The perceived tradeoff between privacy and targeted marketing.
With the release of iOS 14, Apple’s users can now opt out of targeted tracking and they’re seizing the opportunity. More than 62% of people who upgrade to iOS 14 opt out, reducing the effectiveness of digital advertising, which in turn increases digital marketing costs by more than 20%.
With fewer users sharing information, brands are suddenly faced with a famine of the data that has powered targeted advertising for years and, as a result, brands are losing faith in the major social platforms’ ability to reach the right audiences. After the iOS changes, Facebook alone says it will lose $10 billion in revenue this year and other major platforms, like Snapchat, Instagram, Pinterest and TikTok, will also be impacted.
While it is essential to protect consumer privacy, targeted advertising is also beneficial to the retail ecosystem: it offers consumers products and services that are far more likely to meet their needs.
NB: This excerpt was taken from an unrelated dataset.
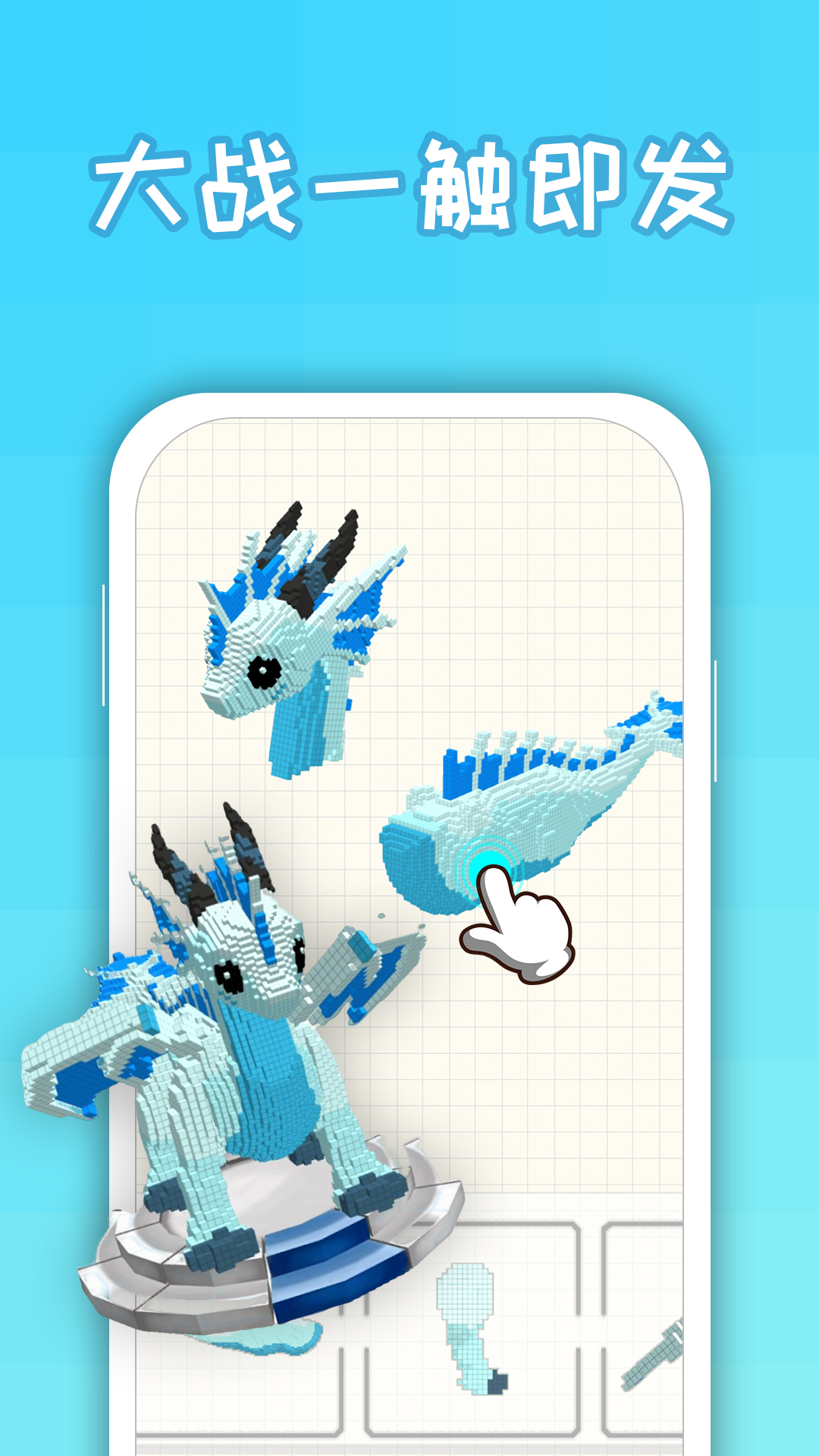 3、使用给出的积木方块, 用指尖在屏幕中滑动控制上方的方块进行各方位旋转。

For brands, targeted marketing serves as a highly efficient acquisition tool, which ultimately factors into overall pricing and the consumer experience.
Protecting consumer privacy vs. marketing: A balancing act
The answer lies in leveraging end-to-end encrypted data sources, which provide the best of both worlds. By having a wall between where the users engage (media platforms) and where data analytics live (proprietary databases), consumers have a choice around privacy while also receiving valuable brand information and content.
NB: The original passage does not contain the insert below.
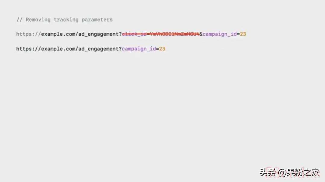 在之前的WWDC大会上,苹果分享了一个在删除跟踪参数前后的URL示例。最初的URL有一个唯一的“Click_id”参数,广告商可以用它来跟踪用户在网站上的活动,Safari则会自动删除此参数以保护用户隐私。

Creating this “wall” between the user and their data helps combat the turbulence caused by the iOS 14 privacy option. It mitigates the lost opportunity from limited consumer tracking with an AI-based algorithmic approach. By constructing custom audiences, companies can put their digital ads in front of the right customers across major platforms.
Here’s how it works:
- By accessing a proprietary database of more than 45 million consumer personas, brands can optimize their digital marketing campaigns by utilizing customized shopper profiles — data that faithfully represents their target consumer but is fully anonymized for privacy.
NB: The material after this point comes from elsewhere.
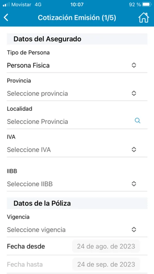 -Cotizaciones / Emisiones: Permite realizar una cotización más completa y emitir nuevas pólizas para un solo vehículo.

- Once these data sets are constructed, data scientists use AI to iterate on high-performing audiences to best fit each unique conversion funnel. They fine-tune the dimensions using targeted experiments and technology that gets smarter with each iteration.
- These AI-built audiences can then activate social platforms’ built-in targeting engines, which are currently underused as the data signal required to activate effective targeting has been cut off by iOS14 with Android soon to follow.
Data science helps drive revenue
Using this approach, brands can protect the consumer while still enhancing profitability at scale. AI and machine learning are now being used to help drive revenue, reduce acquisition costs and increase return on advertising spend (ROAS).
After the iOS changes were implemented, we worked with furniture company Apt2B to see if it could still profitably target audiences on Facebook using this new approach. The experiment worked. The company actually generated more revenue on less spend. Apt2B’s initial 60-day ROAS for its new curated audiences was 41% better than Apt2B’s standard campaigns. And after three months, they had generated $700,000 in revenue based on a $60,000 investment in advertising spend.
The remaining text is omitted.